▸ What the exercise asks: Every line of the listing below should be written out exactly, minus its pictures.
*** Stored data Section Begins ***
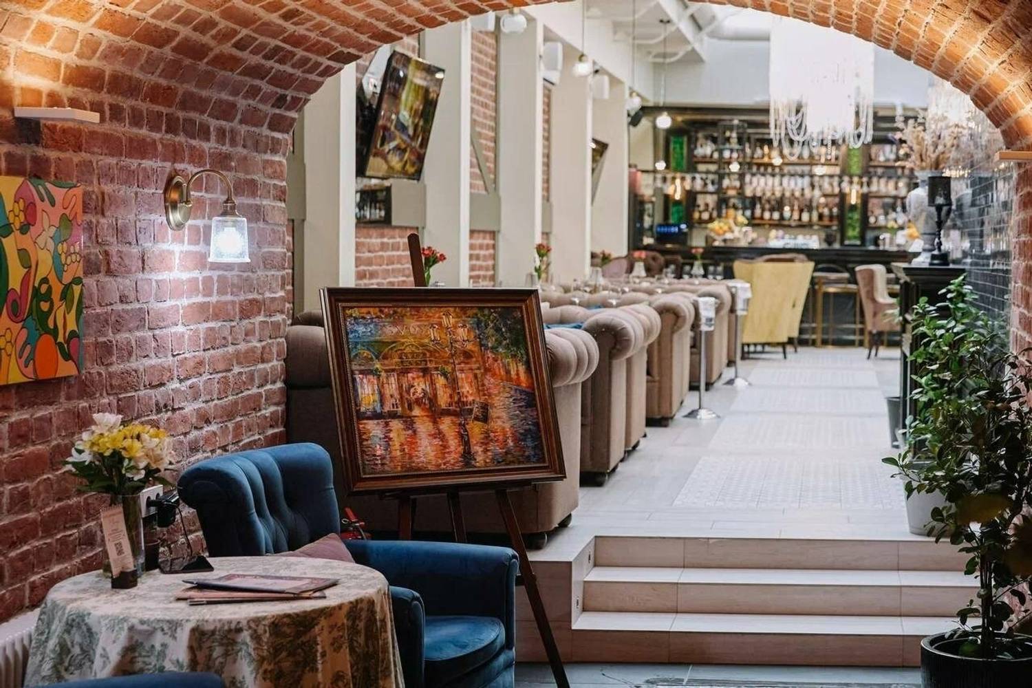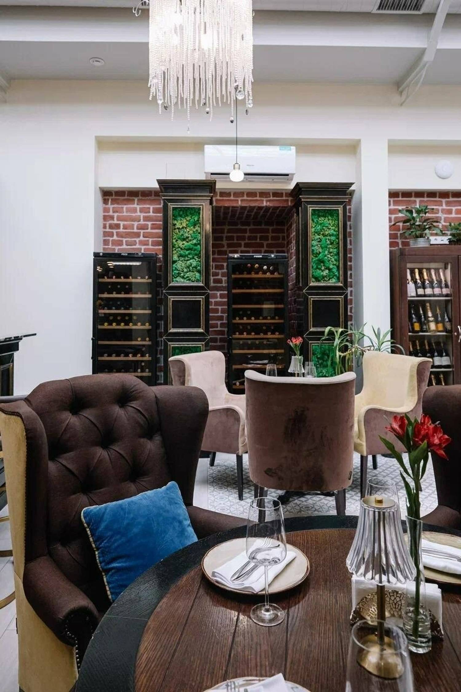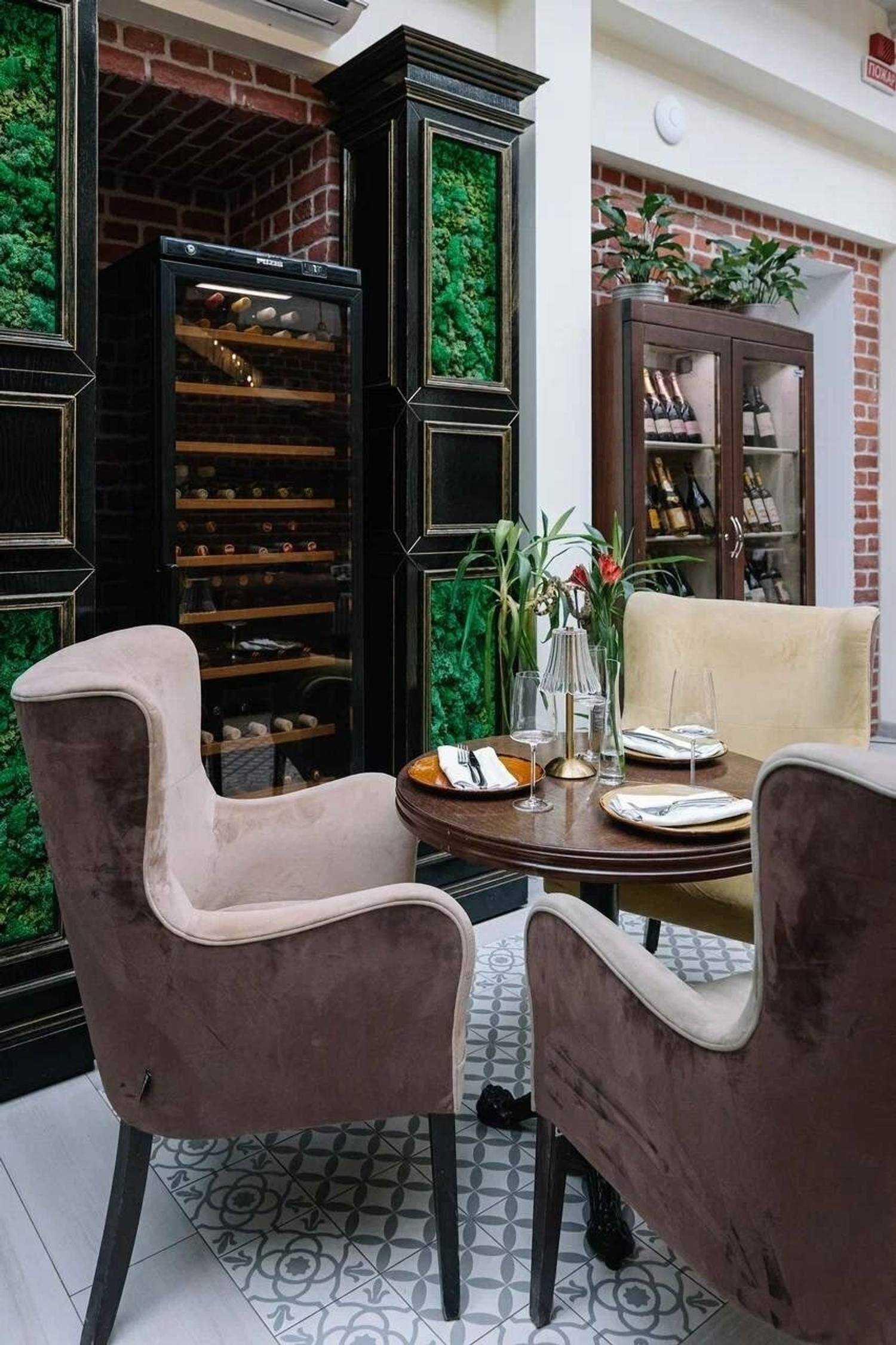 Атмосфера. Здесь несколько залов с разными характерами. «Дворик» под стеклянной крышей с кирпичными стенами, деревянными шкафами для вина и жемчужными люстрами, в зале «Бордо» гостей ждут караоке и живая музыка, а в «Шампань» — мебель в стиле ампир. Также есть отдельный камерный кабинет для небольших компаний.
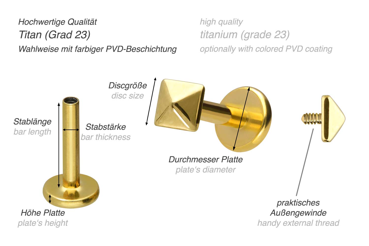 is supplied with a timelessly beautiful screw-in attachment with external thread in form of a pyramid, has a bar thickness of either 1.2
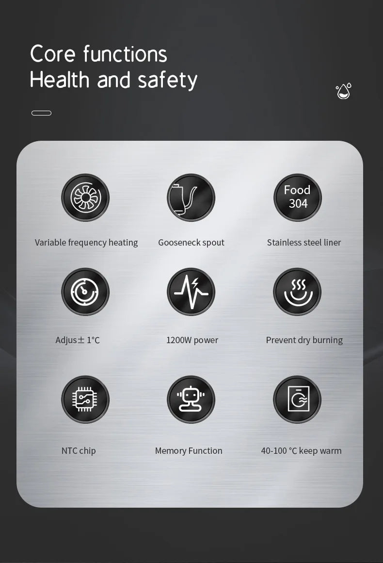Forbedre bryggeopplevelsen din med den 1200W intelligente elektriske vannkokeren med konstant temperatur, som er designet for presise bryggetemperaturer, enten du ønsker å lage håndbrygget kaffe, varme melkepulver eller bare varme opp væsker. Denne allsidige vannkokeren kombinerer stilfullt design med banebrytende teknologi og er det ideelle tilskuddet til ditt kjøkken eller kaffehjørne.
*** Stored data Section Ends ***
▸ Exercise response:
 Атмосфера. Здесь несколько залов с разными характерами. «Дворик» под стеклянной крышей с кирпичными стенами, деревянными шкафами для вина и жемчужными люстрами, в зале «Бордо» гостей ждут караоке и живая музыка, а в «Шампань» — мебель в стиле ампир. Также есть отдельный камерный кабинет для небольших компаний.
 is supplied with a timelessly beautiful screw-in attachment with external thread in form of a pyramid, has a bar thickness of either 1.2
Forbedre bryggeopplevelsen din med den 1200W intelligente elektriske vannkokeren med konstant temperatur, som er designet for presise bryggetemperaturer, enten du ønsker å lage håndbrygget kaffe, varme melkepulver eller bare varme opp væsker. Denne allsidige vannkokeren kombinerer stilfullt design med banebrytende teknologi og er det ideelle tilskuddet til ditt kjøkken eller kaffehjørne.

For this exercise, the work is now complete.